REGULATIONS FOR THE STORAGE OF CARBIDE: BRITISH.—There are also certain regulations imposed by many local authorities respecting the storage of carbide, and usually a licence for storage has to be obtained if more than 5 lb. is kept at a time. The idea of the rule is perfectly justifiable, and it is generally enforced in a sensible spirit. As the rules may vary in different localities, the intending consumer of acetylene must make the necessary inquiries, for failure to comply with the regulations may obviously be followed by unpleasantness.

Having regard to the fact that, in virtue of an Order in Council dated July 7, 1897, carbide may be stored without a licence only in separate substantial hermetically closed metal vessels containing not more than 1 lb. apiece and in quantities not exceeding 5 lb. in the aggregate, and having regard also to the fact that regulations are issued by local authorities, the Fire Offices' Committee of the United Kingdom has not up to the present deemed it necessary to issue special rules with reference to the storage of carbide of calcium.

The following is a copy of the rules issued by the National Board of Fire Underwriters of the UNITED STATES OF AMERICA for the storage of calcium carbide on insured premises:

RULES FOR THE STORAGE OF CALCIUM CARBIDE.

(a) Calcium carbide in quantities not to exceed six hundred (600) pounds may be stored, when contained in approved metal packages not to exceed one hundred (100) pounds each, inside insured property, provided that the place of storage be dry, waterproof and well ventilated, and also provided that all but one of the packages in any one building shall be sealed and the seals shall not be broken so long as there is carbide in excess of one (1) pound in any other unsealed package in the building.

(b) Calcium carbide in quantities in excess of six hundred (600) pounds must be stored above ground in detached buildings, used exclusively for the storage of calcium carbide, in approved metal packages, and such buildings shall be constructed to be dry, waterproof and well ventilated.

(c) Packages to be approved must be made of metal of sufficient strength to insure handling the package without rupture, and be provided with a screwed top or its equivalent.

They must be constructed so as to be water- and air-tight without the use of solder, and conspicuously marked "CALCIUM CARBIDE—DANGEROUS IF NOT KEPT DRY."

The following is a summary of the AUSTRIAN GOVERNMENT rules relating to the storage and handling of carbide:

(1) It must be sold and stored only in closed water-tight vessels, which, if the contents exceed 10 kilos., must be marked in plain letters "CALCIUM CARBIDE—TO BE KEPT CLOSED AND DRY." They must not be of copper and if soldered must be opened by mechanical means and not by unsoldering.

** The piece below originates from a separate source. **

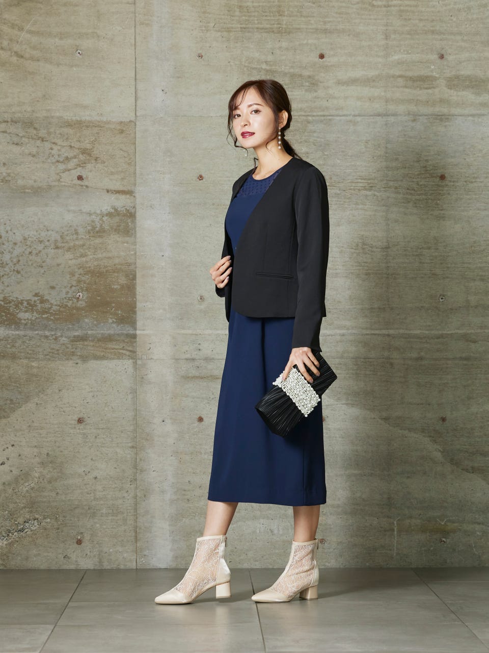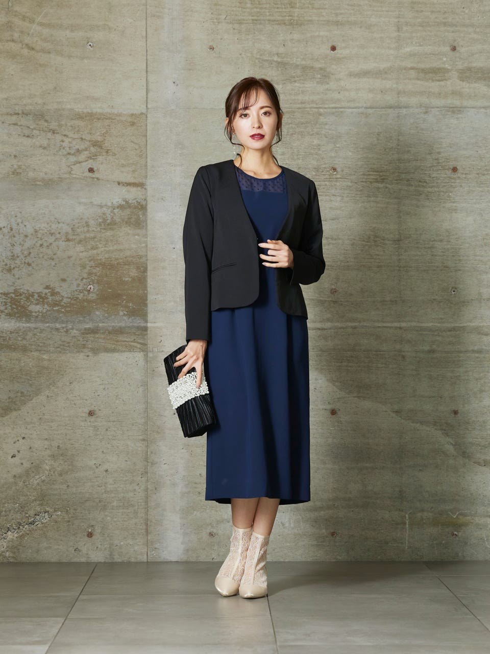 首元をスッキリみせ、上品な印象を作れるノーカラージャケット
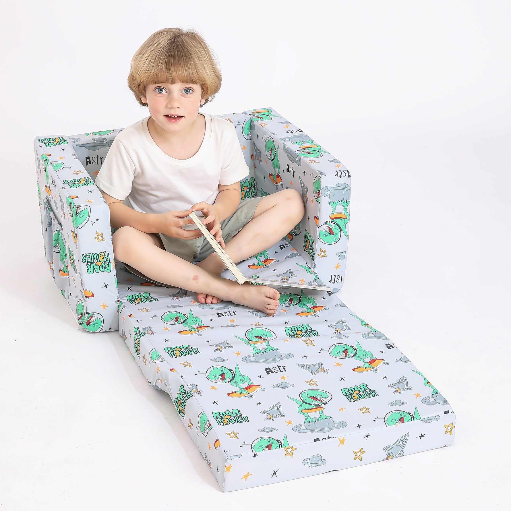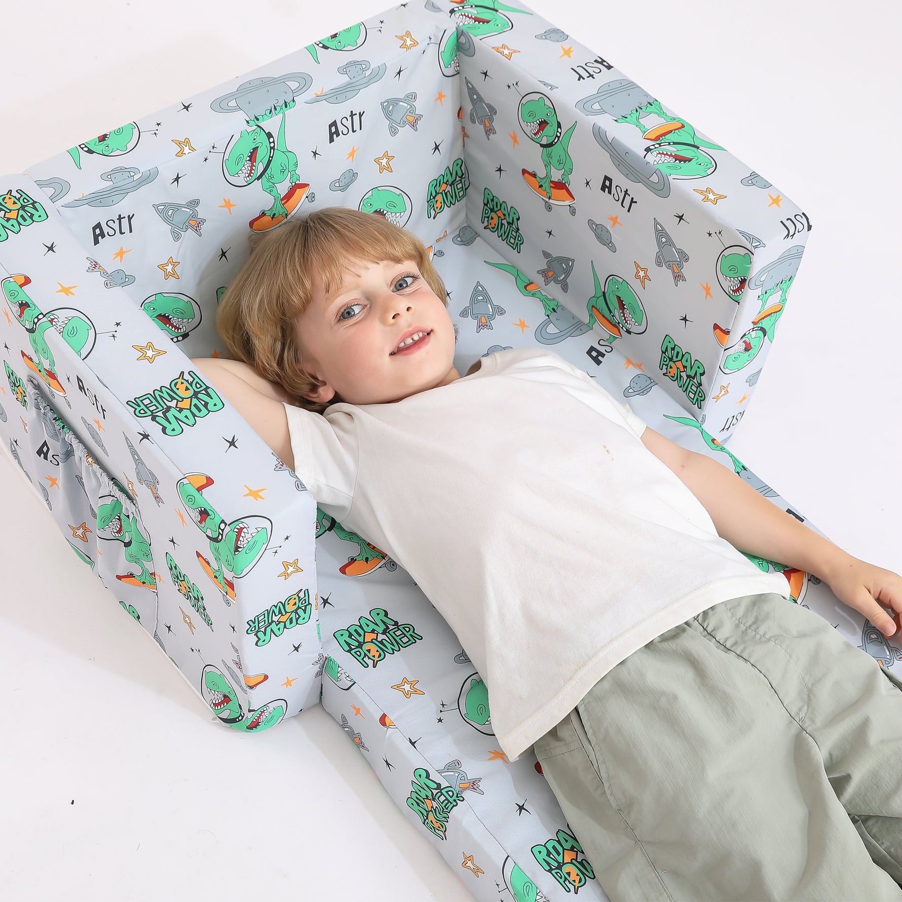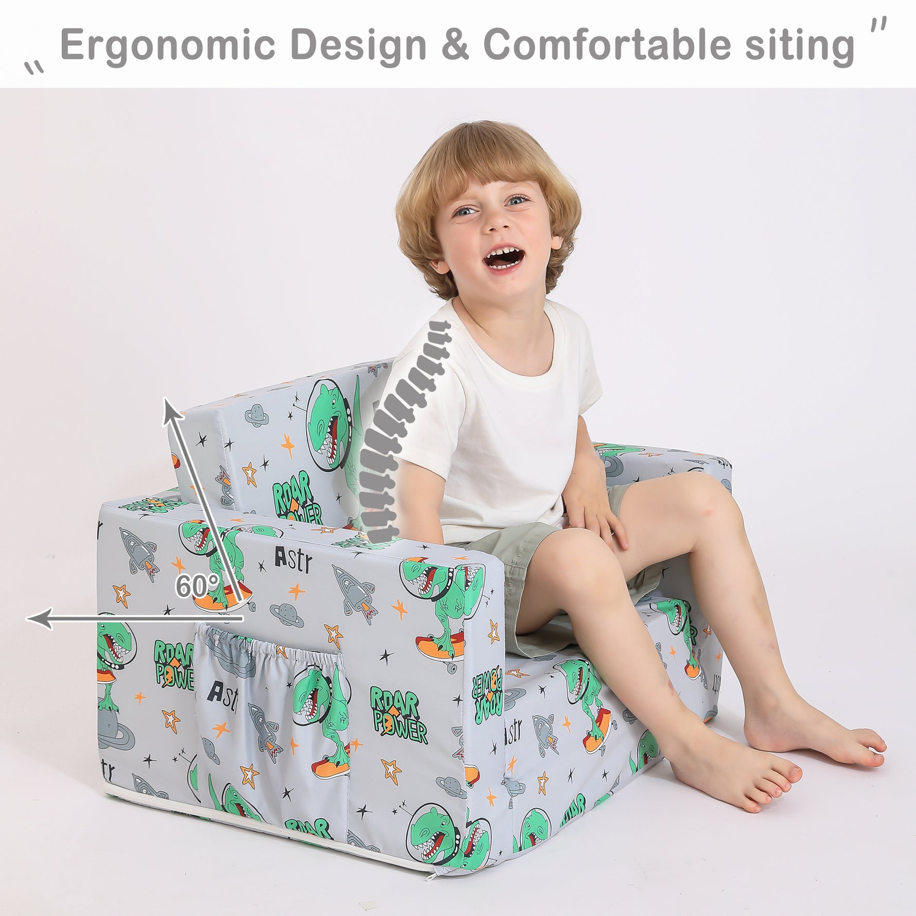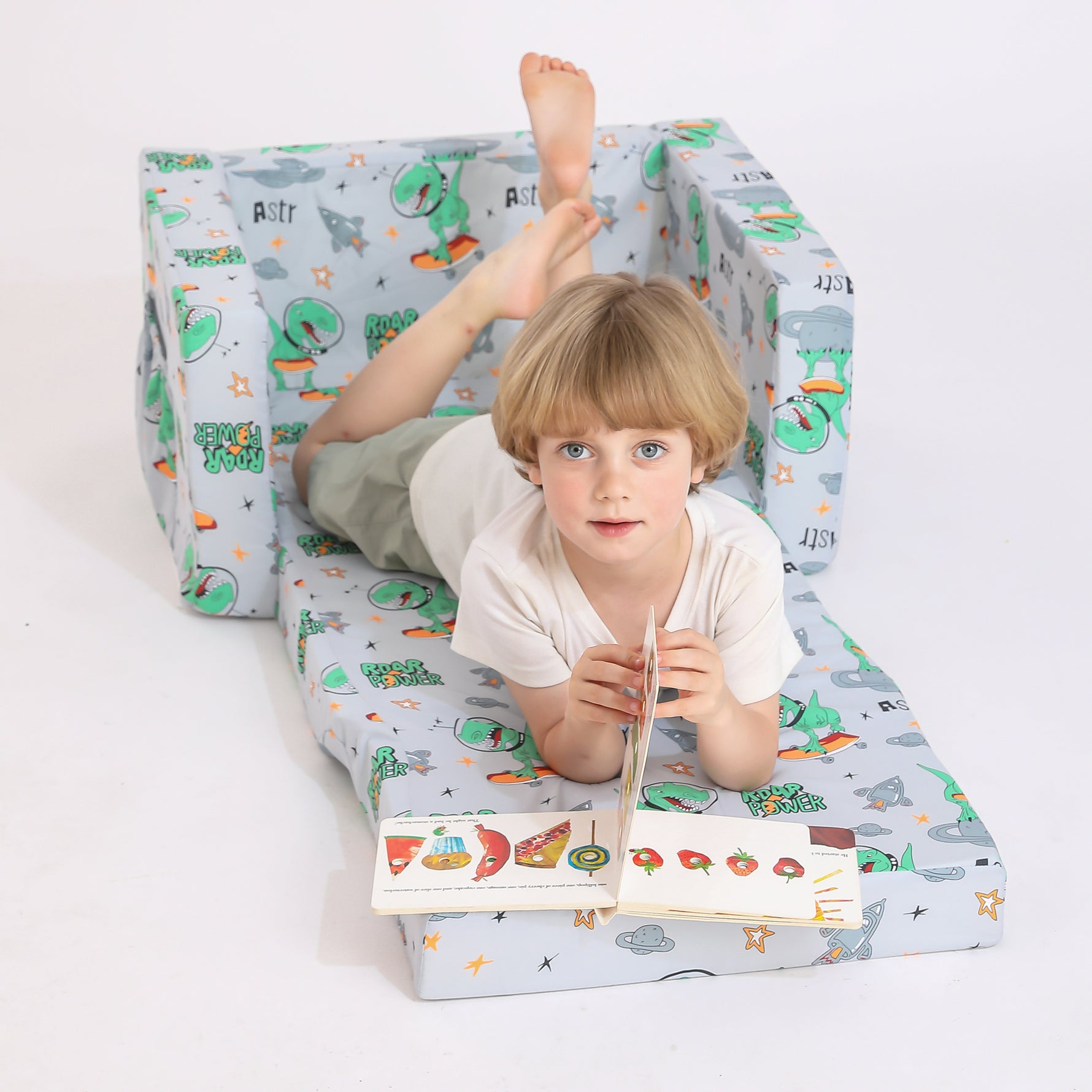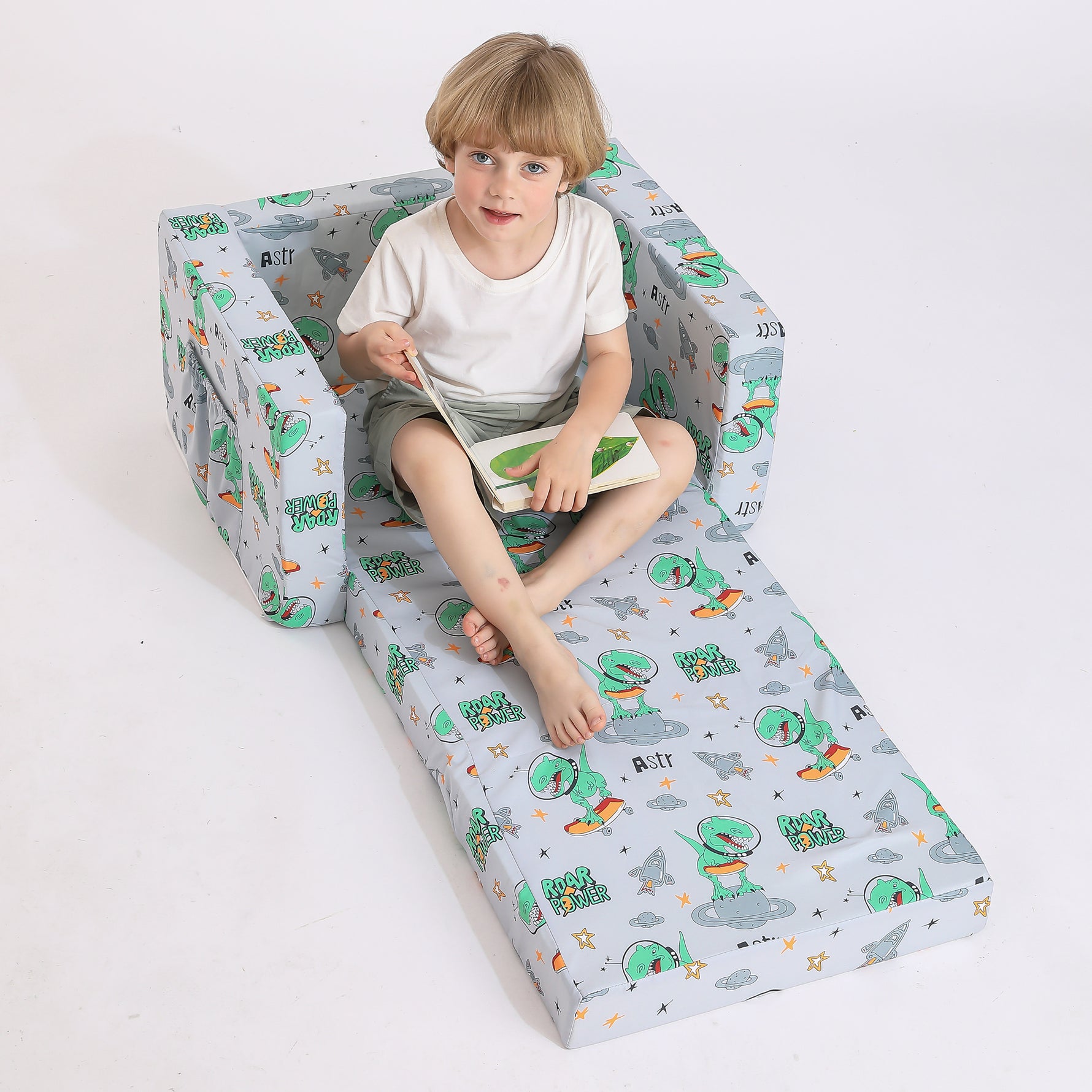Canapé 2 en 1 dinosaure gris pour enfant, convertible en chaise longue

They must be stored out of the reach of water.

(2) Quantities not exceeding 300 kilos. may be stored in occupied houses, provided the single drums do not exceed 100 kilos. nominal capacity. The storage-place must be dry and not underground.

(3) The limits specified in Rule 2 apply also to generator-rooms, with the proviso also that in general the amount stored shall not exceed five days' consumption.

(4) Quantities ranging from 300 to 1000 kilos. must be stored in special well-ventilated uninhabited non-basement rooms in which lights and smoking are not allowed.

(5) Quantities exceeding 1000 kilos. must be stored in isolated fireproof magazines with light water-tight roofs. The floors must be at least 8 inches above ground-level.

(6) Carbide in water-tight drums may be stored in the open in a fenced enclosure at least 30 feet from buildings, adjoining property, or inflammable materials. The drums must be protected from wet by a light roof.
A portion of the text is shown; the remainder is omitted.